Of course we take it for granted, like all things in our senses it becomes normalized, dull, repetitive. That's just part of our survival instinct, when we get to a "safe routine" and can expect where to regularly sleep/eat/not feel threatened, then the arousing part of it all goes away. That's a drastic oversimplification of course, and meanwhile our natural urges will drive us to seek out other things as we fill that time (sex drive, competition, territorial, socialization, expand and learn from culture etc, further dominate our environment if at all possible).
It is crazy because there is nothing else to relate it to, except perhaps sleep, altered states of mind, and I suppose memories (particularly distant ones, however relevant those are). And yet it is only sometimes good, and sometimes unbelievably bad, and many of us (even a tiny sample like just those reading this forum) can have drastically different overall experiences in such a manner. Some people have decent middling lives, some are amazing, some know only pain and loss..

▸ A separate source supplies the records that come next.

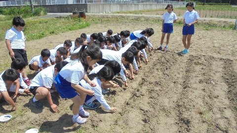 午前中の長休みは、プランターにサルビアの苗植えをしました。お昼休みは、畑でひまわりを植えます。ちゃんとさわやか委員の瀬戸さんが校内放送で低学年に参加を呼びかけてくれました。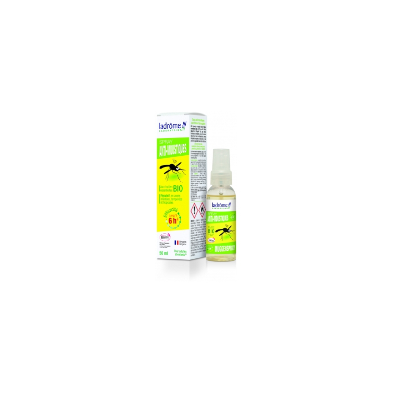 Spray Anti Moustiques 50 ml LadrômeRépulsif, en zones infestées, tropicales et tempérées.Efficacité jusqu'à 6h testée sur textile en laboratoire :- 5,5h sur les moustiques tigres Aedes albopictus,- 6 heures sur le Culex pipiens,- 5 heures sur Aedes aegypti, Anopheles gambiae.Pour adultes et enfants à partir de 36 mois.Une synergie de 5 huiles essentielles bio : eucalyptus citronné, citronnelle de java, lemongrass, palmarosa, géranium bourbon.Utilisation :- Sur vos vêtements ou tissus (8 à 12 pschitt).- En diffusion dans l'atmosphère.Ingrédients / INCI :alcohol*, trans-p-menthane-3,8 diol/citrepel 75 *, ricinus comunis seed oil*,cymbopogon winterianus herb oil*, eucalyptus citriodora herb oil*, cymbopogon martinii herb oil*, cymbopogon citrzatus herb oil, pelargonium graveolens oil(*) Ingrédients issus de l'Agriculture Biologique .Spray Anti Moustiques 50 ml Ladrôme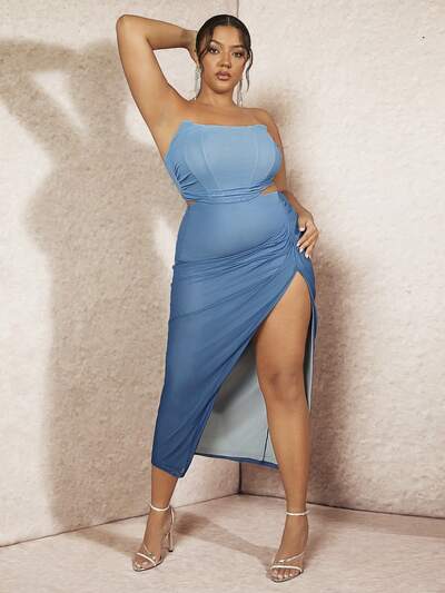 Plus Size Women's Gradient Print Ruffle Short Bustier Top And Gradient Print Drawstring Split Thigh Skirt Set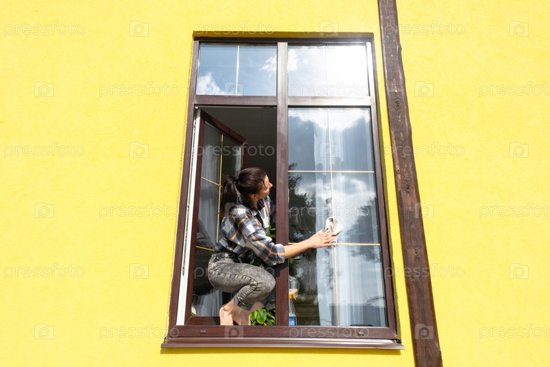 Женщина вручную моет окно дома тряпкой с распылителем и шваброй снаружи. Безопасность на высоте, наведение порядка и чистоты весной, клининговые услуги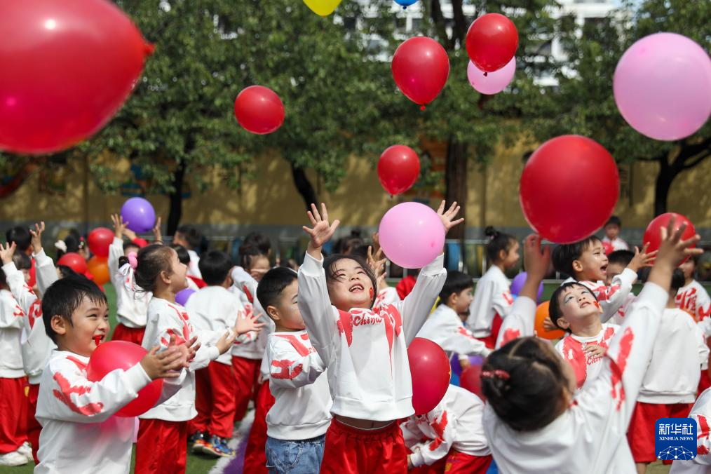 9月29日,河南省平頂山市寶豐縣鬧店鎮中心幼兒園的孩子們在放飛氣球。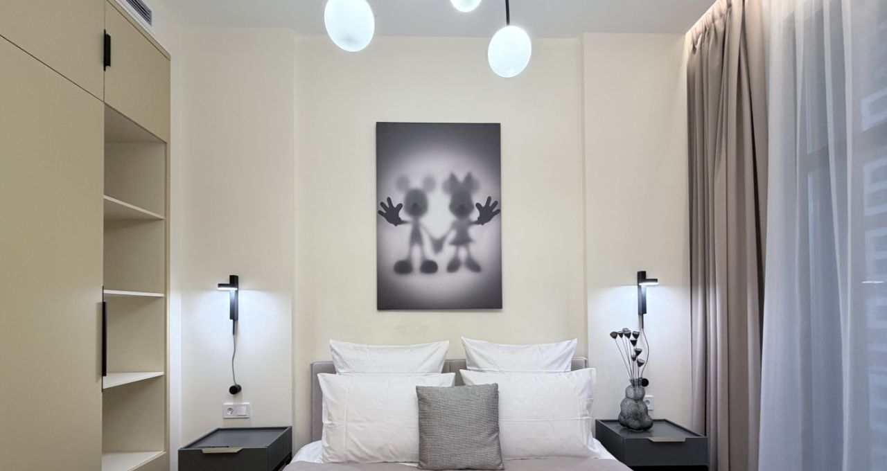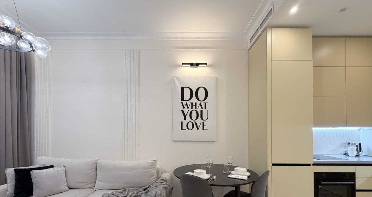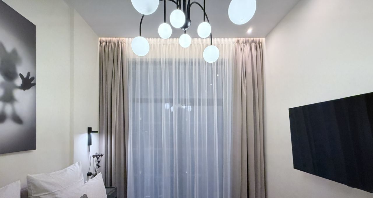 - гостиная зона оснащена раздвижным дизайнерским диваном, тв-тумбой и телевизором 55 дюймов;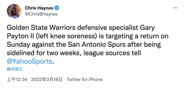 另一方面,据雅虎体育记者克里斯-海恩斯的说法,勇士后卫加里-佩顿二世计划在勇士接下来对阵马刺的比赛中复出,自从3月初以来,佩顿就因为左膝酸痛缺席勇士过去7场比赛: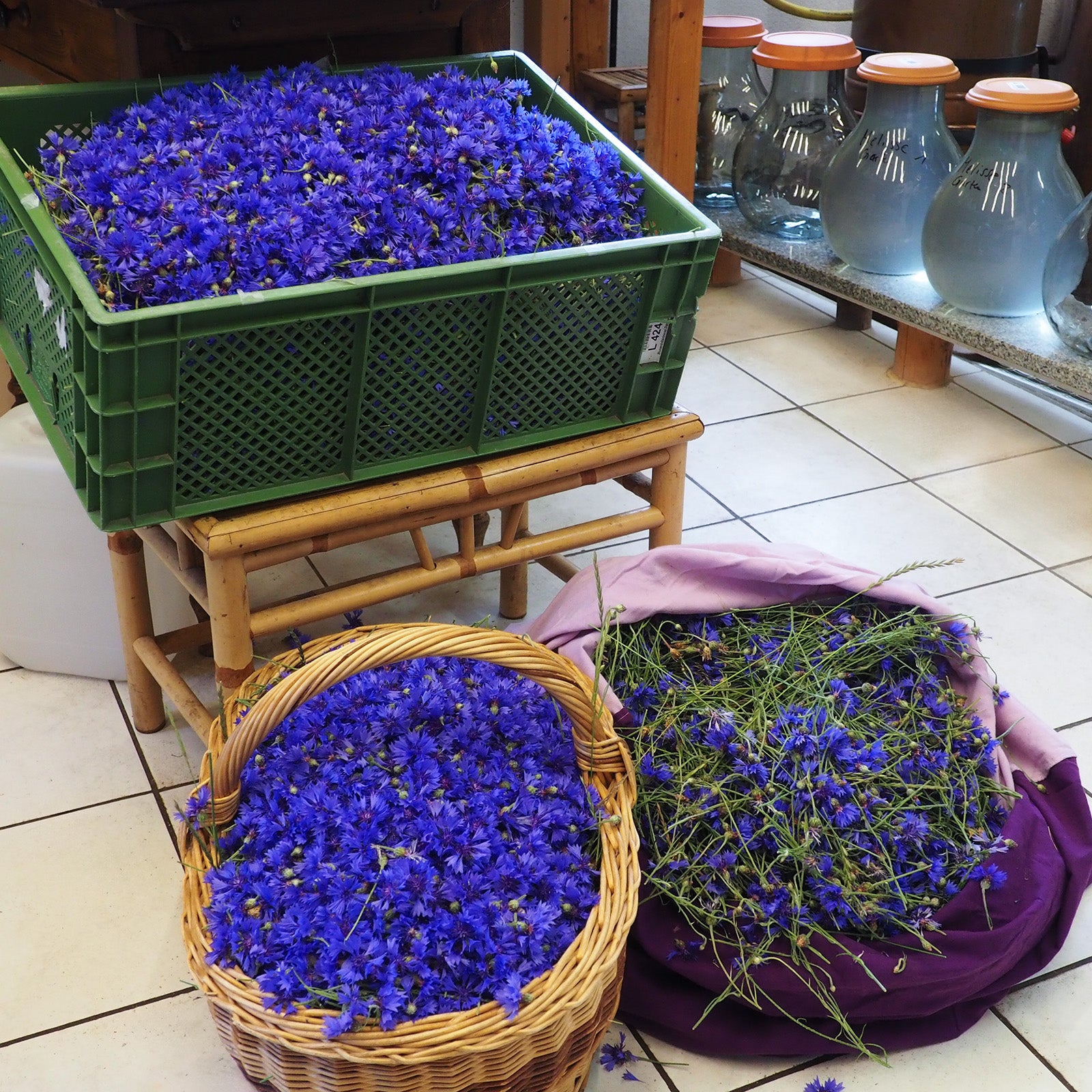 Wir destillieren in einem Verhältnis von 1:1, um besonders intensive Wässer zu erhalten. Bei uns sind sie kein Abfallprodukt der ätherischen Ölgewinnung, sondern ein eigenständiges, wertvolles Pflanzenwasser. Alle Rohstoffe stammen überwiegend aus eigenem kontrolliert biologischem Anbau oder sorgfältiger Wildsammlung – Details dazu finden Sie in den jeweiligen Produktbeschreibungen.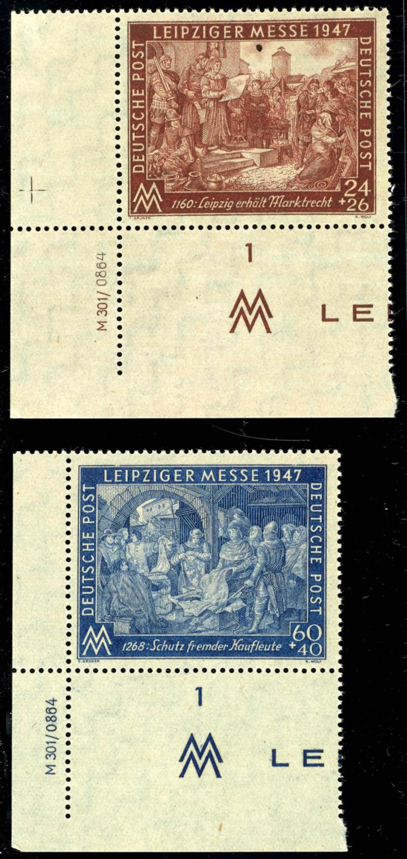 Fair stamps each as corner margin piece with printers mark, sound unfolded, Michel 200.- (941/42ICDV) Messe-Marken je als Eckrandstück mit Druckvermerk, tadellos ungefaltet, Mi. 200.- (Image)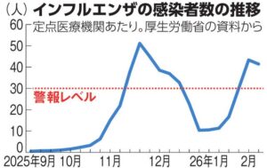 厚生労働省によれば、直近1週間(2月9~15日)のインフルエンザの患者数は、1医療機関あたり41.44人に達しています。1月26日~2月1日に30.03人となり、昨年12月15~21日以来、6週間ぶりに警報レベルの30人を超えています。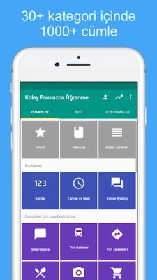 1000+ fransızca cümle ve kelimeleri öğrenin pro sürüm ile aşagıdaki kategorilerle: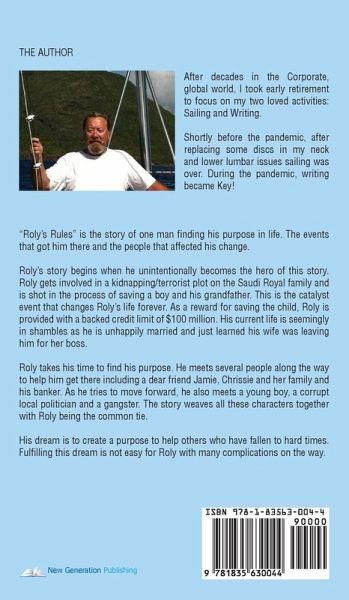 "Roly's Rules" is the story of one man finding his purpose in life. The events that got him there and the people that affected his change. Roly's story begins when he unintentionally becomes the hero of this story. Roly gets involved in a kidnapping/terrorist plot on the Saudi Royal family and is shot in the process of saving a boy and his grandfather. This is the catalyst event that changes Roly's life forever. As a reward for saving the child, Roly is provided with a backed credit limit of $100 million. His current life is seemingly in shambles as he is unhappily married and just learned his wife was leaving him for her boss. Roly takes his time to find his purpose. He meets several people along the way to help him get there including a dear friend Jamie, Chrissie and her family and his banker. As he tries to move forward, he also meets a young boy, a corrupt local politician and a gangster. The story weaves all these characters together with Roly being the common tie. His dream is to create a purpose to help others who have fallen to hard times. Fulfilling this dream is not easy for Roly with many complications on the way.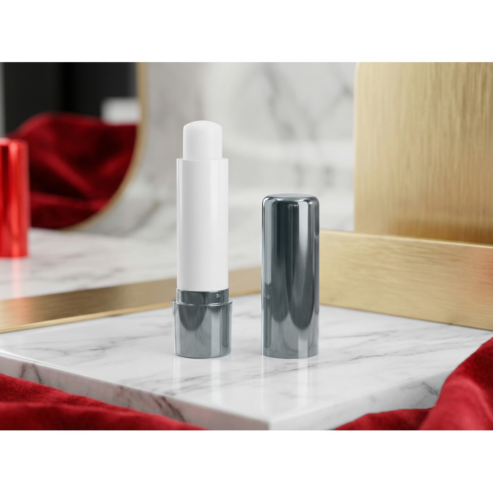 Pomadka ochronna z filtrem przeciwsłonecznym SPF15 zatrzymującym 93% promieni UVB, waniliowy zapach, metaliczne wykończenie, produkt wykonany z ABS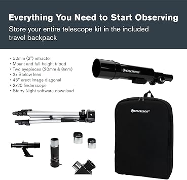 Teleskop ve tripod, kolay seyahat ve saklama için sırt çantasına (dahil edilmiştir) uygundur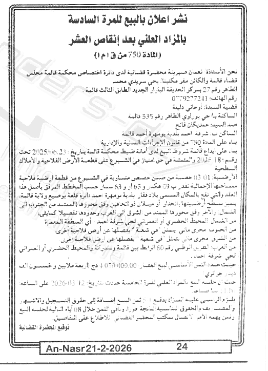 Il sera procédé à la vente au plus offrant et dernier enchérisseur le :

Anyway, I think a defining moment for me was probably a couple of decades ago, watching a short film or something with the abstract comedian Steven Wright, and he put it this way basically:
Before you were born, there was this unknowably long time where everything else existed except for you - and then you came into the picture. You grow up, have your life for however many decades, and then you are gone. After that, there is still this immeasurable amount of time that will pass. Essentially, you're entire existence is just the merest blip, with infinity preceding it, and another infinity after that blip.
...gah. It kind of gives me the chills to think of that. It really makes your life seem so incredibly important, and so absolutely useless and inconsequential at the same time.